The Arges Monastery, a flagship example of Romanian culture, was restored between 1875 and 1882 under the supervision of architect André Lecomte du Noüy, a practitioner of French conservationist principles.
The original mural had to make room for an entirely new one, and only 35 fragments were considered worth preserving. Some 31 of them were restored between 1990 and 2012 and are now on show together for the first time. These feature votive paintings, several historical figures, a number of saints (primarily military), and a large Deesis scene, forming a substantial body of work that bears witness to the quality of murals in Wallachia in the 16th century and the complex political and cultural message articulated by its rulers.
According to historical documents, Voivode Neagoe Basarab (reign: 1512-1521) started working on the Arges monastery soon after he was crowned. The church was designed to be a family funerary chapel and also a statement of his dynastic and personal ambitions. Along with Basarab’s writings, the construction of the church placed him in the lineage of great Byzantine emperors as much as in that of contemporary Renaissance rulers with scholarly preoccupations.
Among the other fragments rescued in the late 19th century, martyrs and military saints take pride of place, enforcing a message in which piety and active militancy blended, mirroring the people’s concerns at a time when splits in Christian belief were deepening and the threat of the Ottoman Empire had become overwhelming.

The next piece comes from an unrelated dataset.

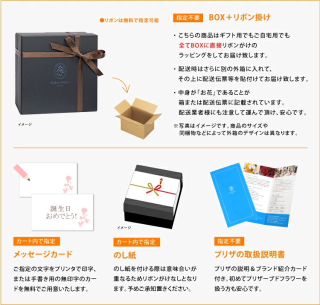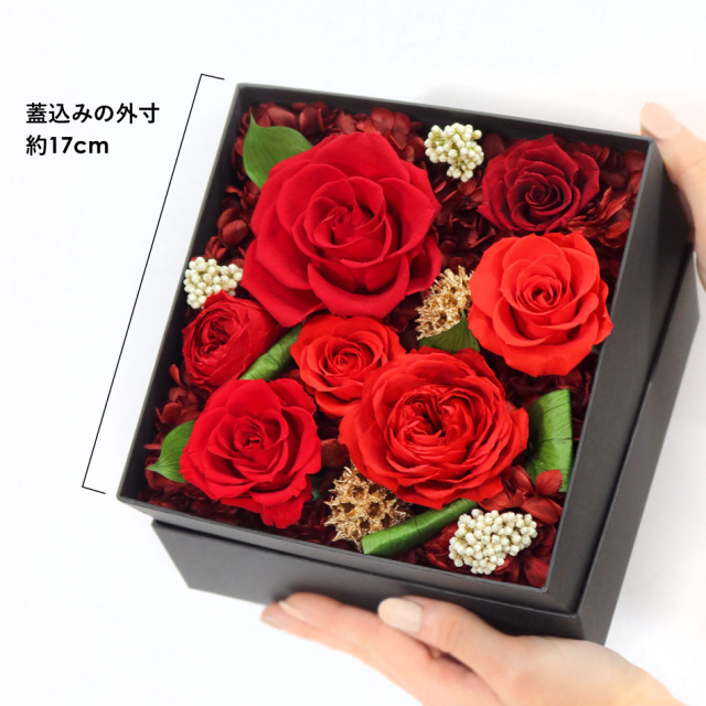 TOP花で選ぶ バラ プリザーブドフラワー ローズボックスフラワー 価格: ¥16,500 (税込) [ポイント還元 165ポイント〜] 販売期間: メッセージカード: 選択してください カード不要(¥0) 【無印字】お客様手書き用カード/送付先別の場合添付不可(¥0) 【自由文印字】カード→カート内備考欄へ内容指定(¥0) 【定型文】母の日用定型文(¥0) 【定型文】ありがとう(¥0) 【定型文】ありがとうございます(¥0) 【定型文】日頃の感謝の気持ちを込めて(¥0) 【定型文】お誕生日おめでとうございます(¥0) 【定型文】ご開業おめでとうございます(¥0) 【定型文】ご開店おめでとうございます(¥0) 【定型文】ご結婚おめでとうございます(¥0) 【定型文】おめでとうございます(¥0) 【定型文】お世話になりました(¥0) 【定型文】お疲れ様でした(¥0) 【定型文】これからもよろしくお願いします(¥0) 【定型文】いつまでもお元気でいてくださいね(¥0) 【定型文】お見舞い申し上げます(¥0) 【定型文】お悔やみ申し上げます(¥0) 【定型文】Thank You!(¥0) 【定型文】Happy Birthday(¥0) 【定型文】Happy Wedding(¥0) 【定型文】Especially for You(¥0) 【定型文】Congratulations!(¥0) 【定型文】クリスマス用定型文(¥0) 【定型文】父の日用定型文(¥0) 【定型文】敬老の日用定型文(¥0) 【定型文】フラワーバレンタイン用定型文(¥0) 【定型文】ホワイトデー用定型文(¥0) 【箔】Thank You ありがとうございます(¥330) 【箔】Happy Birthday お誕生日おめでとうございます(¥330) 【箔】Congratulations おめでとうございます(¥330) 【箔】Happy Wedding ご結婚おめでとうございます(¥330) 【箔】Especially for You 特別なあなたへ(¥330) ブランドバック: 選択してください 【袋】不要(¥0) 【袋】購入品ひとつが入るサイズの袋1枚(¥330) 【袋】購入品全てが入るサイズの袋1枚(¥330) 【袋】予備の袋希望(1商品につき2枚)(¥660) リボンorのし紙: 選択してください 【リボン】おまかせ(¥0) 【リボン】A茶細(¥0) 【リボン】Bロゴ(¥0) 【リボン】C金ラメ(¥0) 【リボン】D金サテン(¥0) 【リボン】Eグレー(¥0) 【リボン】リボン不要(¥0) 【のし】御祝(花結び) ※結婚祝と快気祝以外の用途(¥0) 【のし】寿(結婚祝い、引き出物等)(¥0) 【のし】祝 御開業(開業祝い)(¥0) 【のし】祝 御開店(開店祝い)(¥0) 【のし】祝 御新築(新築祝い)(¥0) 【のし】祝 御竣工(大型施設/ビル等の新築祝い)(¥0) 【のし】祝 ご出産(出産祝い)(¥0) 【のし】祝 ご入学(入学祝い)(¥0) 【のし】祝 ご卒業(卒業祝い)(¥0) 【のし】祝 ご成人(成人式のお祝い)(¥0) 【のし】祝 ○婚式/結婚何年目かをご記入ください(¥0) 【のし】御年賀(新年のご挨拶)(¥0) 【のし】御中元(夏のご挨拶)(¥0) 【のし】御歳暮(年の瀬、一年のご挨拶)(¥0) 【のし】快気祝(お見舞いへの返礼)(¥0) 【のし】(結婚)内祝 (結婚祝いの返礼)(¥0) 【のし】(出産)内祝/お子様の名前・かな要記入(¥0) 【のし】内祝(花結び) ※結婚・出産以外の用途(¥0) 【のし】祝 御改築(改築祝い)(¥0) 【のし】無印字のし(表書き無し)【花結び】(¥0) 【のし】無印字のし(表書き無し)【10本結び切】(¥0) 【のし】無印字のし(表書き無し)【5本結び切り】(¥0) 【のし】無印字のし(表書き無し)【仏式弔事用】(¥0) 【のし】御供(仏式)(¥0) 【のし】御霊前(仏式 49日前日まで)(¥0) 【のし】御仏前(仏式 49日以降)(¥0) 【のし】志(仏式の返礼)(¥0) 【のし】その他の表書き→備考欄に記載(¥0) 包装紙: 選択してください 【包】不要(クリアケースor箱にリボンがけ)(¥0) 【包装紙】水色ベル・フルールロゴ(¥330) 【包装紙】ブラウン(¥330) 【包装】梨地バッグ(¥330) 数量: 個 カラー在庫購入レッド× ピンク○ ブルー× カラー在庫購入レッド× ピンク○ ブルー× 返品・交換について 5.0 (1件) ギフトサービス 即日発送 無料ラッピング メッセージカード のし立札 説明書 手つき袋 包装紙 取り寄せ 領収証・請求書 Gift Service Details この商品はクリアケース入りでお届けいたします。 プリザーブドフラワーの取り扱い説明カード入り。 ※大きな文字の説明書をご希望の方は備考欄へご記入ください。 Product Dimensions Product Size 幅17cm×奥行き17cm×高さ12cm重さ:200g (参考値) Materials 花材:(バラ、アジサイ、ライスフラワー、アンバーバーム、リーフ) 花器:紙 長期間飾れる 水やり不要 About Preserved Flowers プリザーブドフラワーは、水やり等の手間なく長期間保つ事から、バースデーギフト(誕生日祝い)・結婚祝い・開業祝い・開店祝い・新築祝い・内祝い・出産祝い・両親贈呈ギフトなどの贈り物、法人様向けご進物にはもちろん、アート性の高い作品はご自宅用のインテリアやオフィス・ショップのディスプレイに、落ち着いた色や故人のお好きだった色や花はお供え・仏事にもご利用頂いております。 ブリザードフラワー、ブリザーブドフラワーではなく「保存する」という意味の「プリザーブドフラワー/preserved flower」が正しい名称となります。直射日光、水気・湿気を避けるとより美しさが長持ちします。 商品説明 「花束・一輪のバラ」特集のバナーへ移動 インテリアの

The widespread belief that no great foundation can be accomplished without a major sacrifice found its embodiment in the Arges monastery which, along with its master mason Manole, became the iconic image at the heart of one of the most popular Romanian legends.
The scenography of the exhibition incorporates multimedia elements such as a film explaining the restoration process of the frescos, a 3D virtual reconstruction of the positions occupied by the fresco fragments in the monumental ensemble before their removal, and a touchscreen allowing access to drawings and sketches by painter Gheorghe Tattarescu at the Arges monastery in 1860, before the restoration of the monument.

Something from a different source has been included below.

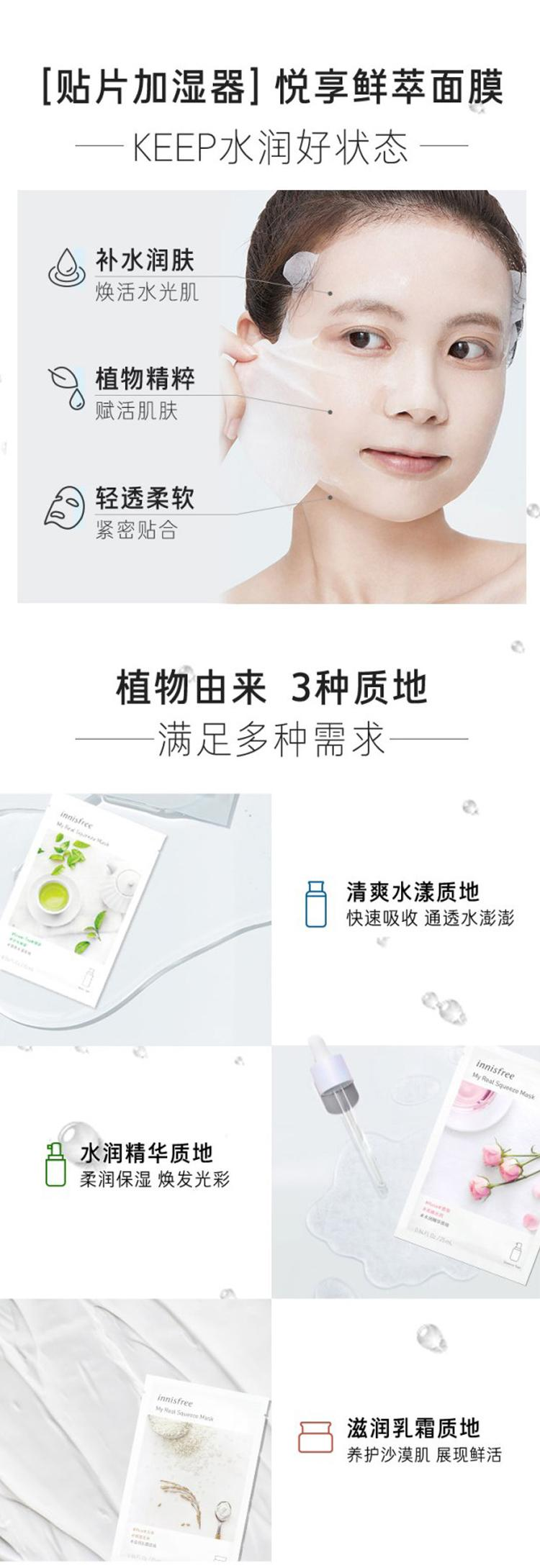 这款悦诗风吟 innisfree 悦享鲜萃补水面膜,是人气爆款,富含水分和植物精粹,不挑肤质,全家可用。

The legend of the Arges monastery
Negru Voda, known in Romanian history as Neagoe Basarab, wanted to build the most beautiful monastery in the country so he hired Manole, the best mason of the day. The walls of the monastery were always crumbling and Manole needed to find a solution on pain of death. He had a dream in which he was told, in order to build the most beautiful monastery, he had to wall in someone very dear to him or to his masons. To finish the construction, they agreed that the first wife who came there the following morning should be the victim. Manole`s wife, Ana, was first and accepted the proposal, considering it a game. Thus the beautiful monastery was built. When Manole and his masons told the prince that they could always build an even greater building, Negru Voda had them stranded on the roof so that they could not build anything similar. A spring of clear water, named after Manole, marks the spot where he is said to have fallen.
Exhibition held by the National Museum of Art of Romania, until May 26.